Speaking of Ferguson: suffering a loss of form after securing the title was far from an alien concept for his successful Manchester United sides. Neither was the concept of rotation, despite the typical media babbling over the Reds ‘putting the integrity of the league into question’. In his last season in Manchester, United won just one of their last four once Mancini’s City had surrendered their crown, with the Red Devils often making a mountain of changes.

Likewise, the 2006/07 campaign was a similar story for United once they’d dealt with their business early. They picked up a solitary point from their final two matches and even lost at home to a West Ham side who survived on the final day by the absolute skin of their teeth. The hosts’s starting eleven contained Alan Smith, who clocked just 284 minutes in the whole of that league season. Kieran Richardson and Ole Gunnar Solksjaer were also irregulars. Fergie had left Cristiano Ronaldo, Paul Scholes, Nemanja Vidic and Ryan Giggs all on the substitutes bench. Crime when Arne does it though, right?!

So, Liverpool have collected one point from a possible nine and I wouldn’t be staking much on Slot’s men, at half pace, turning over Palace on Sunday. The real main event at the weekend is the trophy presentation. Succeeding that, of course, is Monday’s grand parade. If Carlsberg did Bank Holiday weekends.

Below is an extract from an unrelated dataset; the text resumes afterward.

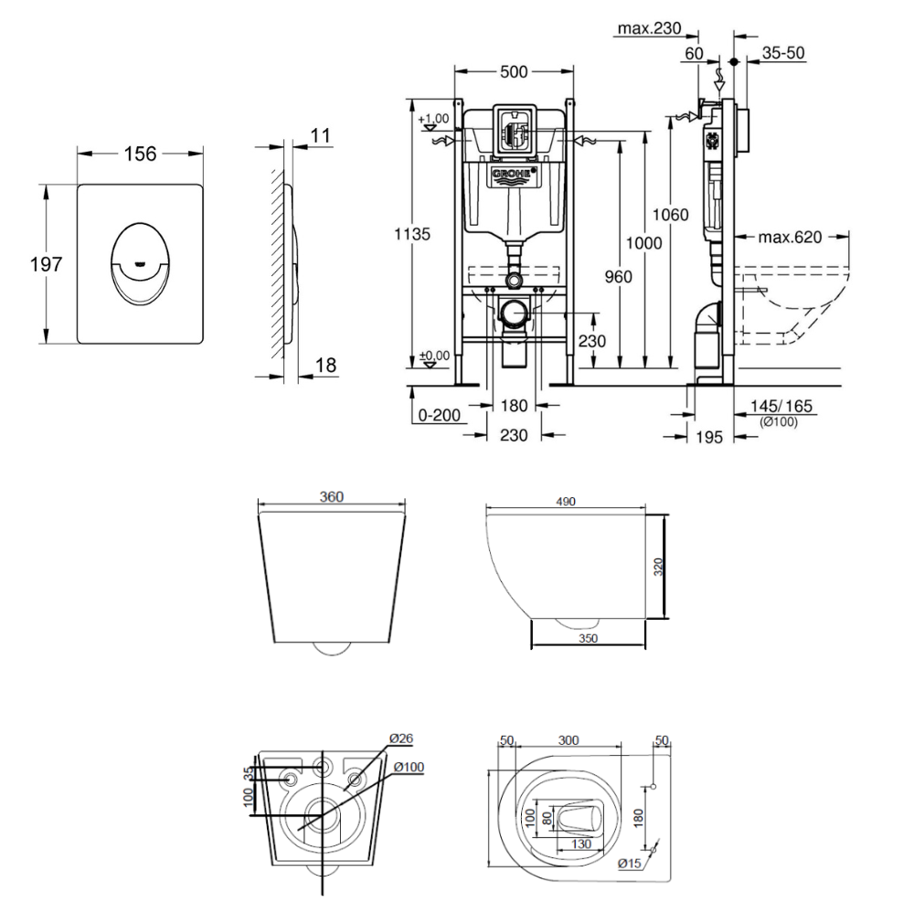 - Grohe RAPID SL Project bâti support autoportant pour WC, 1.13 M (39145000)

Over this little period, three LFC players have been granted their maiden league starts of the season: Harvey Elliott, Wataru Endo and Federico Chiesa. Jarell Quansah has also stepped in to start just his second and third league match of the season as a *central defender*, Stamford Bridge was the first time since the opening day, where that had happened.

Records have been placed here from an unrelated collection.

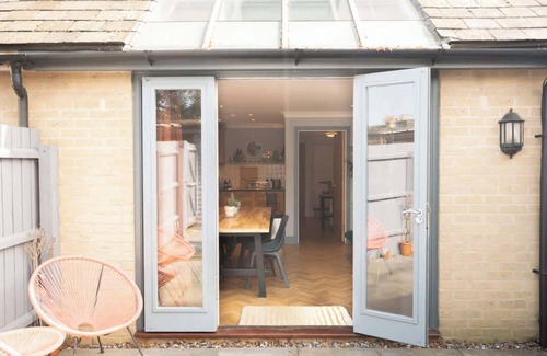 This contemporary townhouse features an open-plan living room and kitchen, complete with French doors leading to a sunlit courtyard. The first floor houses a double bedroom, a twin room with two beds and a full family bathroom. On the second floor, there’s an additional double bedroom and a second full bathroom. Additional amenities include a dining room, cloakroom, gas-fired central heating and double-glazed windows for year-round comfort.
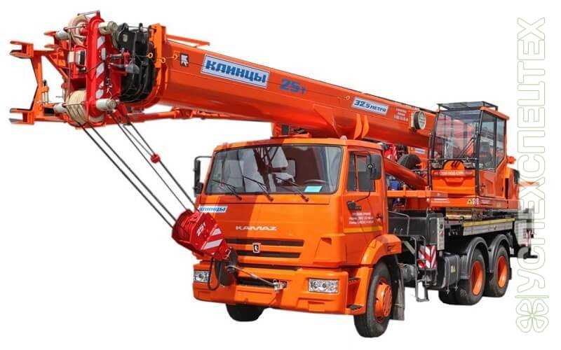 Грузоподъемность 25 тонн, вылет стрелы 22 м. Вездеход.
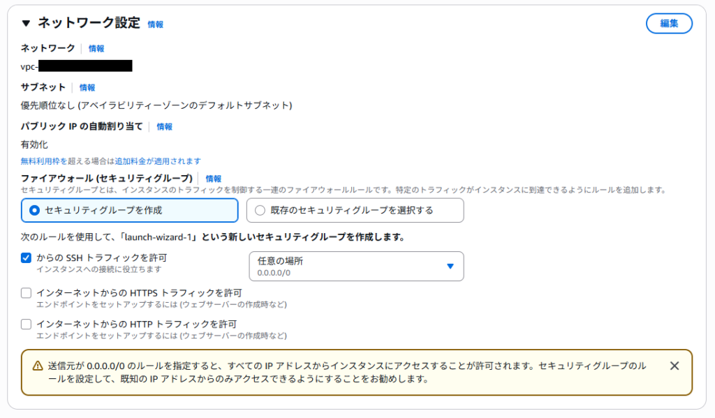 EC2にインスタンス(Amazon Linux 2023)を立ち上げる

Via a 2017 StatsBomb study: “Periods of high rotation do seem to have coincided with worse results for many teams.” Well of course. Chucking in lads on the periphery against some of the country’s leading sides is hardly going to make you favourites. Liverpool have been fielding lineups that you’d never seen before and never, ever, will again. For what it’s worth, I actually perceived the narrow 3-2 loss at Eredivisie champions PSV Eindhoven, in the final UCL League Phase clash, as a great achievement. Jayden Danns and James McConnell started that one, Andy Robertson played as a central defender for the first time; a number of academy kids made their club debut, too.